The claimant disputed her MIG determination and her entitlement to medical benefits. In regard to the MIG, Adjudicator Moten found the claimant’s prior injury to her coccygeal region prevented maximal recovery if she were limited to the $3,500 minor injury limits. Adjudicator Moten also found there was compelling evidence in the claimant’s health practitioners’ medical records to support that her pre-existing injury prevented from reaching maximum recovery under the MIG even though none of the evidence explicitly stated that conclusion. In regard to the disputed treatment plans for chiropractic treatment, Adjudicator Moten determined the claimant had satisfied her onus the proposed treatment was reasonable and necessary and she was entitled to payment of those treatment plans along with interest. However, Adjudicator Moten found the claimant had not shown the treatment plan for a psychological assessment was reasonable and necessary.

B.K. v. Guarantee Company of North America (18-003505)

The claimant was deemed catastrophically impaired on the basis of his Glasgow Coma Scale. Issues arose between the parties concerning the claimant’s entitlement to rehabilitation benefits under the Schedule. The insurer denied payment and the claimant appealed to the LAT for payment of these benefits. Adjudicator Kowal concluded that the claimant was not entitled to payment in the amount of $22,200.00 for a camper trailer as he had not met the test under s. 16 of the Schedule for rehabilitation benefits. The claimant did not sufficiently demonstrate that the trailer was “reasonable and necessary” for the purpose of reducing or eliminating the effects of any disability resulting from the impairment or to facilitate his reintegration into his family, the rest of society or the labour market. Further, the claimant incurred the $22,000.00 expenditure before notifying the insurer and therefore nothing the insurer did induced the expenditure. The insurer did cite s. 38(2) to the claimant in its initial correspondence and the fact that it gave full consideration to the claimant’s OCF-18 when it was submitted did not negate its right to rely on s. 38(2).

M.F. v. Belair Insurance Company (18-003847)
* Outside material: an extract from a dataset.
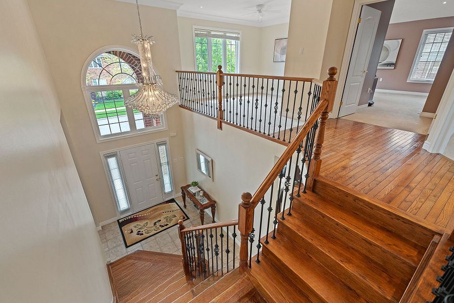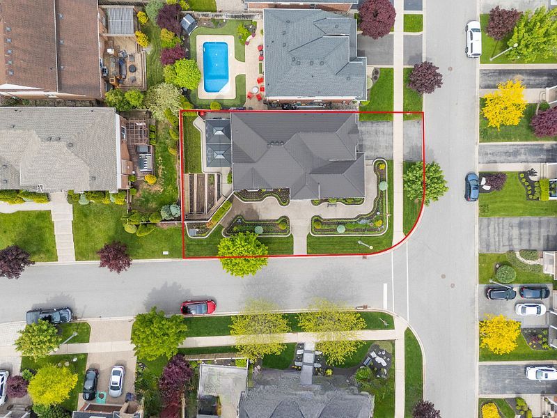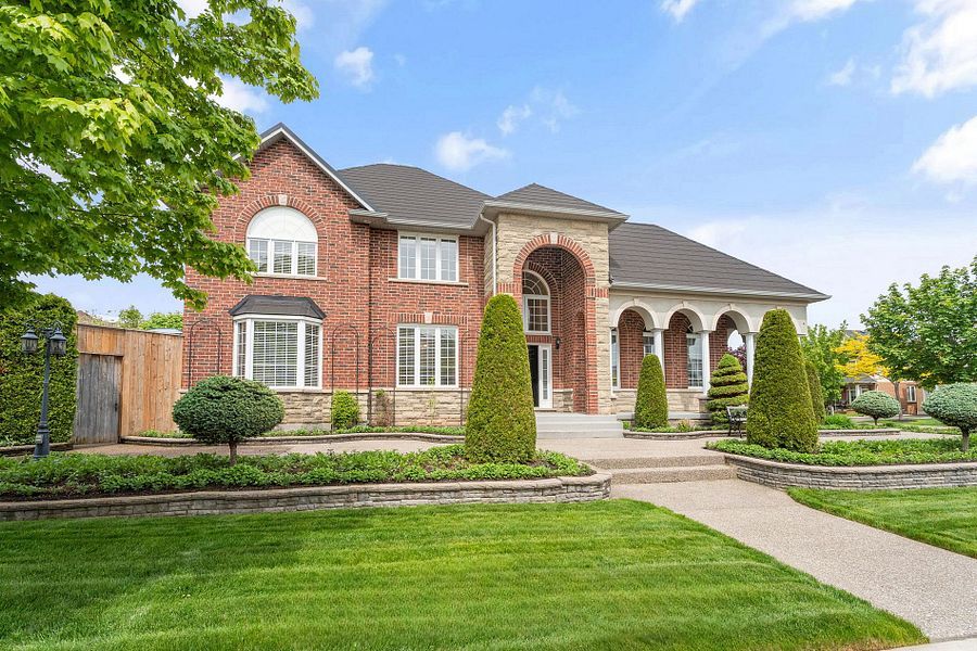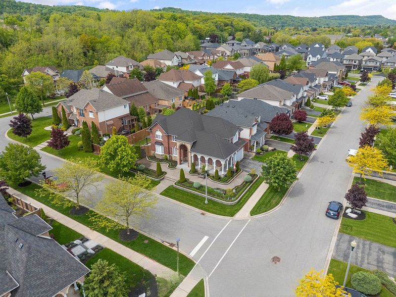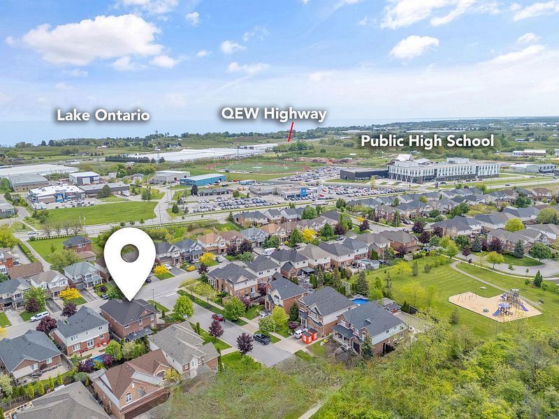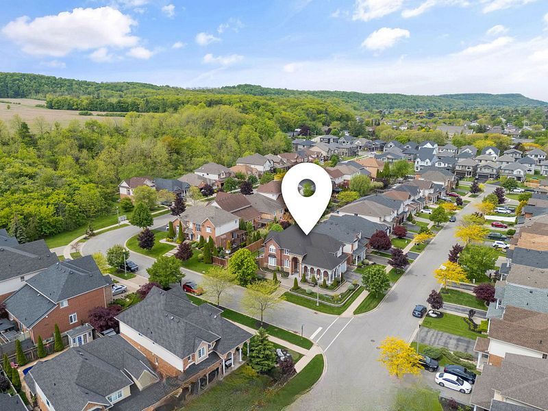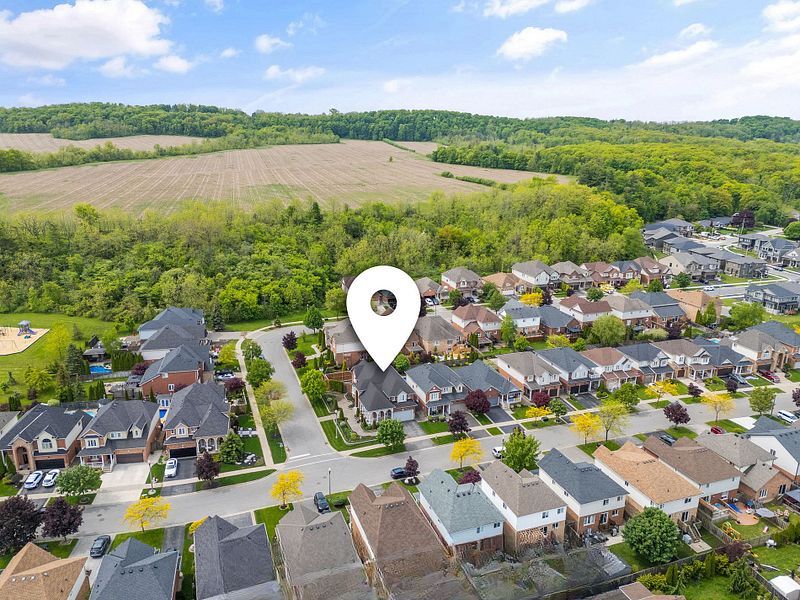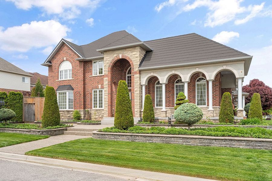 Located in the highly desirable vineyard valley neighborhood, this stunning 2-story built by the award-winning marz homes in 2004, offers over 4000 sqft of impressive living space. Greeted by a grand stone and brick facade, showcasing exceptional curb appeal with a charming wrap-around porch and beautifully landscaped stone flower beds. Step inside to discover an inviting foyer with soaring 18-ft ceilings and a striking crystal chandelier that sets a tone of sophistication. The great room features a 12-ft ceiling and oversized windows that flood the space with natural light. The rest of the main level boasts 9 ft ceilings, creating an airy and inviting atmosphere. Enjoy cozy evenings by the gas fireplace in the family room or host memorable dinners in the large formal dining room. The kitchen is equipped with a corner pantry. An adjoining breakfast area that flows into the living and onto the patio. Venture upstairs to find 3 generous bedrooms, each with a walk-in closet, and a bright loft that overlooks the foyer, which could easily be converted into a 4th bedroom. The primary bedroom features a vaulted ceiling, while the ensuite boasts double sinks, a corner tub, and a separate shower. A 2nd bath and a conveniently located laundry room complete the upper floor. The basement offers in-law potential with a separate entrance from the garage. It features a spacious rec room with a fireplace, a spare bedroom, and roughed-in bath and wet bar. Step outside to your private, fully fenced yard, which includes a double gazebo covered concrete patio, and a garden area perfect for relaxation. Freshly painted, central vac and 2018 steel roof from metstar. This prime location provides easy access to farmers markets, lake ontario, and a wealth of parks and walking trails. Explore nearby restaurants and charming towns along the niagara escarpment. Families will appreciate the proximity to the ymca, schools and hospitals, with a quick drive to downtown and just a minute to the qew.

The claimant submitted a request for reconsideration arising out of a decision which found that he was not entitled to medical benefits and post-104 week IRBs because the claimant’s psychological impairments were not a result of the accident. The claimant’s reconsideration request was made on the basis that there was fresh evidence (a new IE report from the insurer) that was not before the Tribunal when rendering its decision. The IE report found that the claimant’s psychological impairments flowed from his accident-related chronic pain. Adjudicator Grieves accepted that the new report was not available at the hearing, could not have been obtain previously by the claimant given that the Tribunal’s decision was rendered three months prior to the claimant receiving the report, and that the evidence would likely have affected the result at the hearing. As such, she granted the request for reconsideration in part, finding that the claimant was entitled to post-104 week IRBs and some of the disputed medical benefits.

Almayahi v. The Co-Operators General Insurance Company (20-001166)

The claimant sought entitlement to two chiropractic treatment plans and a special award. Adjudicator Grant found that the claimant was entitled to payment for the costs of both treatment plans on the basis that the medical documentation supported his reports of consistent and ongoing pain since the accident, and that the goals of pain reduction, increased range of motion, and return to activities of normal living were reasonable and necessary. Adjudicator Grant further found that the claimant was entitled to a special award in the amount of $470.74, representing 10 percent of the total amount payable on the treatment plans. He determined that the insurer unreasonably withheld treatment by failing to acknowledge or consider new medical records from the claimant’s family physician and chronic pain treatment providers which challenged the conclusions of its IE assessor.